USPS seeks employee Web access

The U.S. Postal Service, which has called home computers and the Internet

a threat to traditional mail, is proposing to supply its 800,000 employees

with bargain-priced computers and free Internet service.

In a notice to computer vendors, the Postal Service says it is looking

for a company or companies to sell its employees home computer systems for

payments of about $12 a month for 36 months and free Internet service.

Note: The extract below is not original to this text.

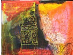
Sachan Sarwal Retour vers le futur, Antigonish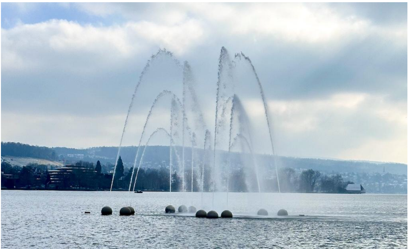
Aquaretum, Zürich.

The 225-year-old Postal Service is anxious to connect as many of its

em-ployees as possible to the Internet to improve employee communication,

said spokeswoman Sue Brennan.

Once connected, employees could use the Postal Service intranet for

job- related chores, such as changing health insurance policies and applying

for job transfers, and for receiving job-related information. Thus, the

computer and Internet service would help the Postal Service comply with

federal paperwork- reduction requirements, Brennan said.

Postal employees would also be free to use the computers to surf the

Internet, and the Postal Service promises that it "would not, under any

circumstances," monitor its employees' Internet activities.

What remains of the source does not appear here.